At the Caribe Fruits and Vegetables market on Westchester Avenue, where guavas and plantains sit next to a cooler full of Coke, Luis Irizarry calls Sotomayor "one of the best."
"We Puerto Ricans are very proud," says the retired postal worker, who came from Puerto Rico 35 years ago. "She grew up right here. What she's going to do for the Latin people is going to be a big surprise: Latin people will feel differently about themselves because she's on the court."
At the community center of the Bronxdale Houses, the project where Sotomayor grew up, college junior Derrick Hewley of Dominican and African-American descent puts it this way:
"It feels like if anyone from the Bronx can attain such a high position, it shows us that we can all do that," he says. "It gives me hope. I'm excited to be part of the Bronx and representing the Bronx."

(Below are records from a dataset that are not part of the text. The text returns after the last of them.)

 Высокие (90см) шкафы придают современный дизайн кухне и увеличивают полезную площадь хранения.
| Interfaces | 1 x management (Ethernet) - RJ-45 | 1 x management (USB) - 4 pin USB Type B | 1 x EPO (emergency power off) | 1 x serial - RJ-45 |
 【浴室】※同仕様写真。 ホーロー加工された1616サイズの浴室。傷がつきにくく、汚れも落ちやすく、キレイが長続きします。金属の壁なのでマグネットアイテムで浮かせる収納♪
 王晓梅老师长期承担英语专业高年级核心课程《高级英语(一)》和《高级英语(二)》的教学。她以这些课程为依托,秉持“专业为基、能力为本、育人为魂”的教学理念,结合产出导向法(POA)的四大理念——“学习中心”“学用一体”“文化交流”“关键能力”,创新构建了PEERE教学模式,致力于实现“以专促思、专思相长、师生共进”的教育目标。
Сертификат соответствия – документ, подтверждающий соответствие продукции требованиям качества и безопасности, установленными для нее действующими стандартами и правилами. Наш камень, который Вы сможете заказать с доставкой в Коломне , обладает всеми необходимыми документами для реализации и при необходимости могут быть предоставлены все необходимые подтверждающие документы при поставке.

This is a community that is so racially and ethnically mixed, he says, that "nobody up here ever says, 'You're Puerto Rican or you're Dominican so I'm not going to hang with you,' " he says. "We get to know the person first."
There is also a strong sense among some here that the type of perspective in the Bronx is still missing in some crucial parts of mainstream American culture. That's why Sotomayor's nomination is seen as such a huge step.

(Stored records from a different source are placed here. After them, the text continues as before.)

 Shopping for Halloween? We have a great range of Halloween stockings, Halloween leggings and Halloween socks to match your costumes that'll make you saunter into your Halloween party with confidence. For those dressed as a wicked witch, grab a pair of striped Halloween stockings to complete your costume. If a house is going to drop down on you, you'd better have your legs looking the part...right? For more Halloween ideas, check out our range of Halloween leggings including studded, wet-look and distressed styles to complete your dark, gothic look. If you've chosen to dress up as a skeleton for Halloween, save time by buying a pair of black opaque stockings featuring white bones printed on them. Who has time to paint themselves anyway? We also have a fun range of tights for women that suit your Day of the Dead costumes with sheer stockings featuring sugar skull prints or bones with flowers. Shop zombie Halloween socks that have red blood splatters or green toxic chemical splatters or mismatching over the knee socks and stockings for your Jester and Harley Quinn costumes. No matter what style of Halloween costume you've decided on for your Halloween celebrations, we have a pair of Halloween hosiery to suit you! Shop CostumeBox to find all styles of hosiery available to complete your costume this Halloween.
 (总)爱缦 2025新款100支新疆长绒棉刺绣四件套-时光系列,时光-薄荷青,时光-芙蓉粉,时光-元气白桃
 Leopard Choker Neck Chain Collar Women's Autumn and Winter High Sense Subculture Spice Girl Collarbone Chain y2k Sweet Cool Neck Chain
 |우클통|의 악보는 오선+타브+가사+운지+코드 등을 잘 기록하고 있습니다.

"She will bring compassion," says Jose Mulero, who came to the United States as a teenager 50 years ago. "I'm not saying white people can't be compassionate or that they discriminate, necessarily, but white people think often of themselves. Latin people, minorities, we think of us all together."
That might sound to some exactly like the kind of reverse racism that critics have charged Sotomayor with. She said in a speech in 2001: "I would hope that a wise Latina woman with the richness of her experiences would more often than not reach a better conclusion than a white male who hasn't lived that life." Through the White House, Sotomayor has made clear that was a poor choice of words.

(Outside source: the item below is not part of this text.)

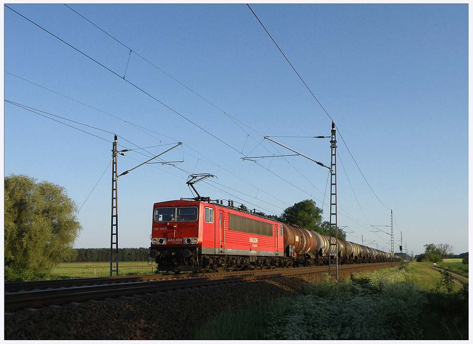 Kesselwagenzug bei Wehnsdorf an der Strecke Berlin-Dresden.
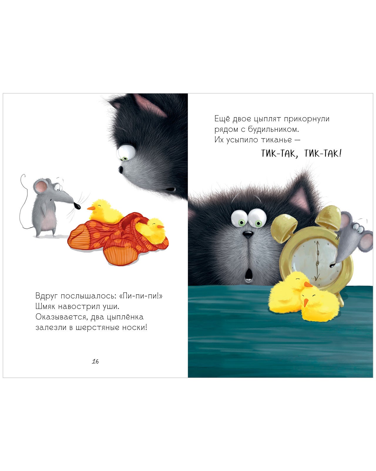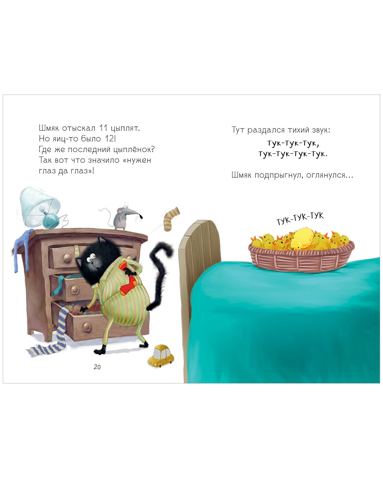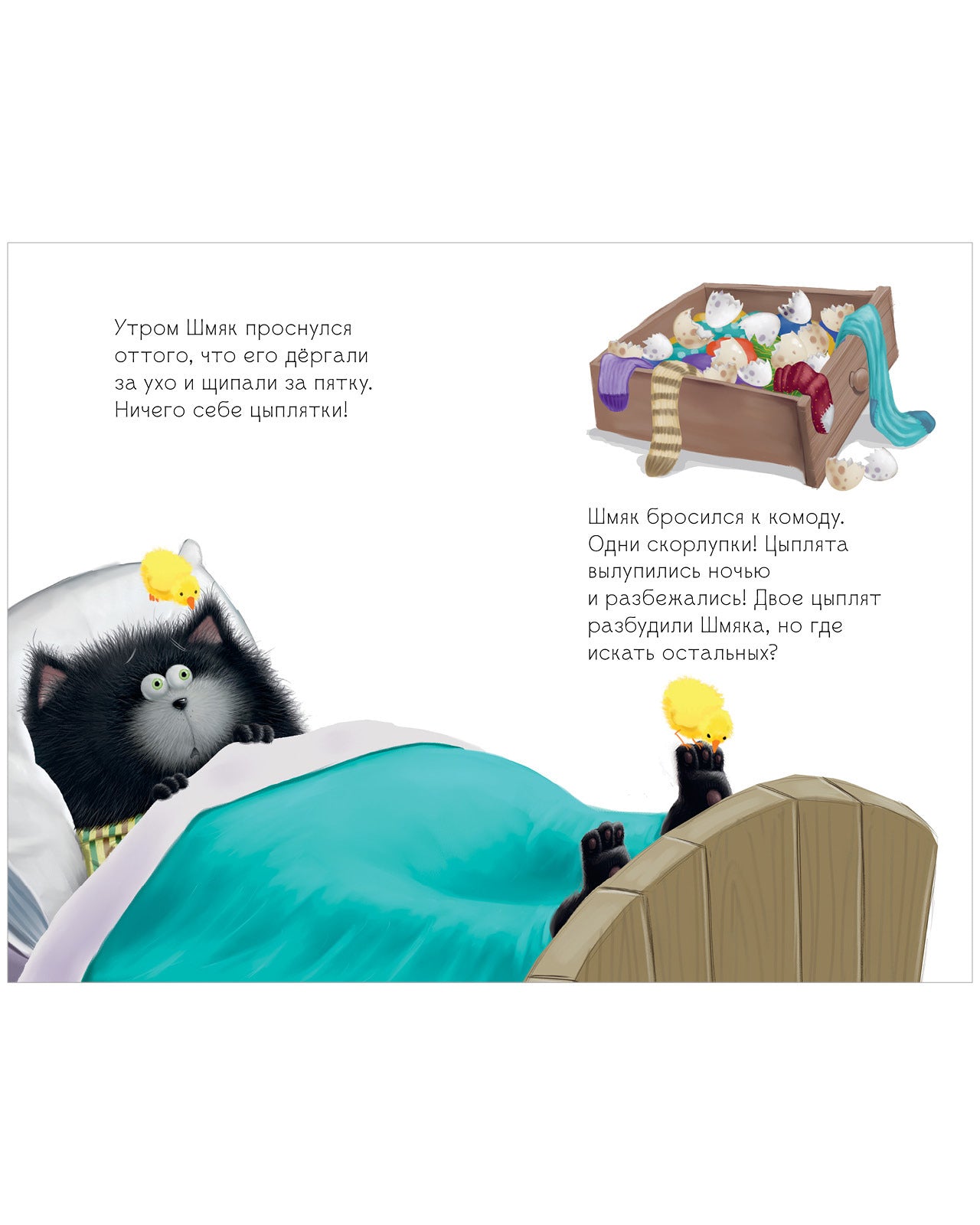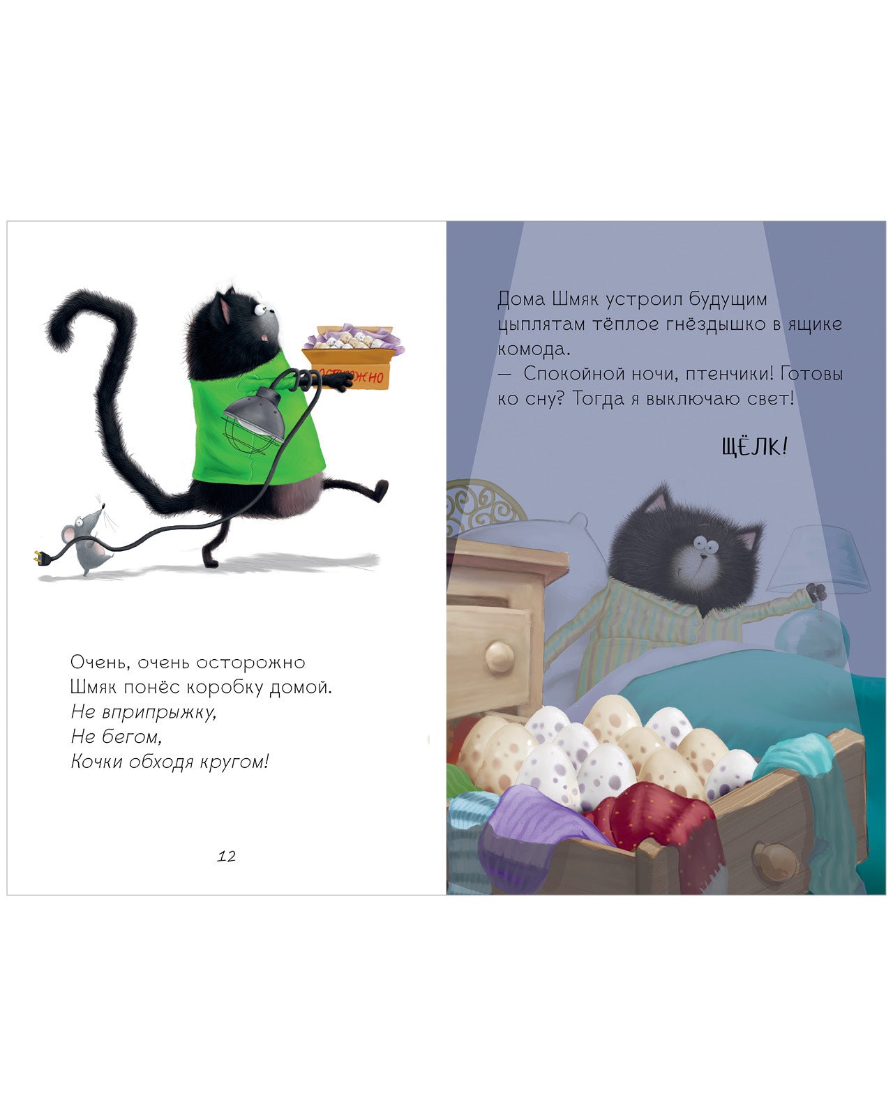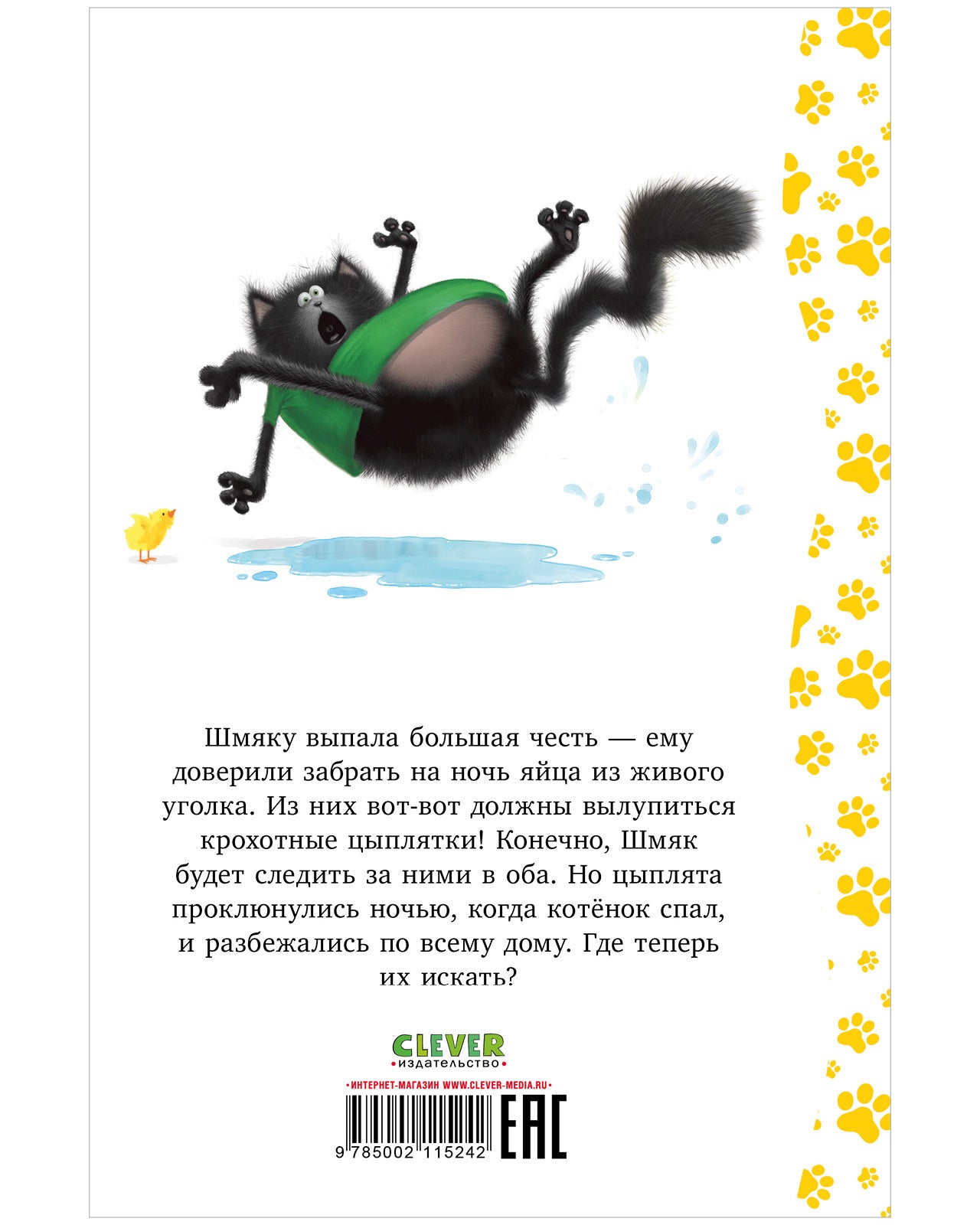 Шмяку выпала большая честь - ему доверили забрать на ночь яйца из живого уголка. Из них вот-вот должны вылупиться крохотные цыплятки! Конечно, Шмяк будет следить за ними в оба. Но цыплята проклюнулись ночью, когда котёнок спал, и разбежались по всему дому. Где теперь их искать?

But in that same speech, she also talked about the tension in America between being "a melting pot and a salad bowl."
"We are a nation that takes pride in our ethnic diversity, recognizing its importance in shaping our society and in adding richness to its existence," she said. "Yet we simultaneously insist that we can and must function and live in a race and colorblind way that ignore these very differences that in other contexts we laud."
For many young people in this neighborhood, those differences are still very much apparent – as are some of the vestiges of distrust between races and socioeconomic groups. Diane Biswas is a high school graduate with some college course work who grew up in the neighborhood surrounding the Bronxdale Houses. She's also a single mother. When she was applying for a job in an upscale store in Manhattan, she felt people were suspicious just because she lived in the South Bronx.
"They asked, 'Is it going to be problem for you to get down here?' " she says. "But the way they asked I knew exactly what they meant: 'Is she a ghetto girl coming from the Bronx to work here and corrupt us?' I know they didn't mean to sound that way, but it was there."
Because of such experiences, many New Yorkers believe that the gist of Sotomayor's controversial comment was on target, if poorly worded. As the first Latina on the court, they say, she will bring a new perspective.
"It's very much like the first time Thurgood Marshall [an African-American] was nominated: He brought with him a sense of this country that had been missing from the Supreme Court," says Robert Ramirez, incoming president of the Puerto Rican Bar Association in New York. "That was not exclusive of his intimate knowledge of the Constitution. It simply means that he was able to add his unique perspective and a history that may not have always been given voice to on the court. Sotomayor can do that, too, not because the other justices may not have wanted to, but just that it's impossible to have that unique perspective unless you've been raised in the Bronx where you've experienced the culture and flavor and challenge of becoming an accomplished academic performer here."
Growing up with two languages and two cultures, as well as moving between two very different economic strata – think South Bronx and Yale – creates a unique kind of dexterity, say some Latina scholars.
"I always talk about my life as jumping double Dutch – two ropes going in opposite directions and jumping really, really hard and trying not to stop either of them," says Esmeralda Santiago, author of "When I Was Puerto Rican." "Sotomayor is a very good example of that, of somebody who is on both sides and can see both sides and has the intellect to be objective about both sides. I think that's something that's very rare and unusual."
Back on Capitol Hill, though, Republican senators are scouring her record to see if there's any indication that Sotomayor's controversial comment – the "wise Latina woman" one – has influenced her judicial temperament or understanding of the law. On Fox News earlier this week, Sen. Lindsey Graham (R) of South Carolina expressed his reservations about her nomination this way: "That statement is not about talking about her life experiences," he said. "It's getting from her life experiences a superiority based on those experiences versus somebody else in society. And I don't want that kind of person being a judge in my case."